Both Stromberg and Van Dyke wanted the Native Alaskans in the film to speak in their native tongue. However, MGM production chief Irving Thalberg worried that intertitles were too distracting and would seem old-fashioned, and Stromberg agreed. By this time, however, it was September 1932. To refilm the shot scenes in English would be prohibitively expensive, and Stromberg changed his mind so that intertitles (not subtitles) were used in the final film to translate the Inupiat language into English.

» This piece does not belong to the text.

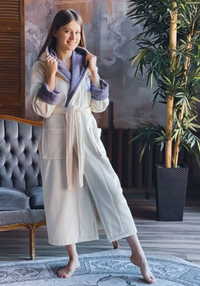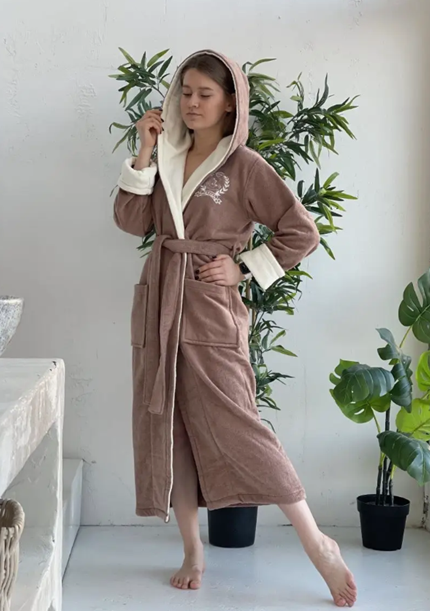 Махровый халат женский. Удобная комфортная одежда для дома. Банный халат из махры отлично впитывает воду после водных процедур душа, ванны или сауны, заменяя полотенце,не линяет, отлично переносит многочисленные стирки. Структура махровой ткани создает легкий массажный эффект.Теплый, мягкий, уютный, запашной халат с капюшоном, с накладными карманами, регулируемыми манжетами на рукавах - то, что создаст комфорт для отдыха в дождливый осенний день и морозный зимний вечер. Чтобы халатик сидел безупречно - выбирайте свой размер. Будьте всегда красивы и элегантны!

Stromberg demanded complete authenticity in casting, language, and the depiction of Eskimo life. Casting was critical. Van Dyke cast Inupiat natives (most of them from Barrow, Alaska) for all the minor roles, but Stromberg was so insistent on finding the perfect male lead that casting the title role of Mala/Kripik proved difficult. MGM wanted Ray Wise, the actor and cameraman (who later changed his name to Ray Mala), as the star of the picture, and he would become Alaska's first movie star. Wise was a half-Inupiat, half-Russian Jew who previously starred in the 1932 documentary film Igloo. Van Dyke wanted an all-native cast, not a half-native lead, and rejected Wise. A young native Alaskan was hired for the role, but he walked off the set in July 1932 when the stress of filming proved too great. Already on location in Alaska and isolated from the studio, Van Dyke turned to Ray Wise. Not only could Wise perform his own stunts, but Stromberg praised him as an immensely realistic actor. Wise came to Hollywood in 1925, and in addition to his work on Igloo was working as an assistant cameraman. He was hired as a guide for Eskimo's production to Alaska, and was able to offer his services to the film when the original actor quit. Although the film's credits state that professional actors were used only for the Canadian police roles, in fact the major female roles were played by professional actresses Lotus Long and Lulu Wong Ying. Numerous minor roles are also clearly filled by trained actors in make-up and costume.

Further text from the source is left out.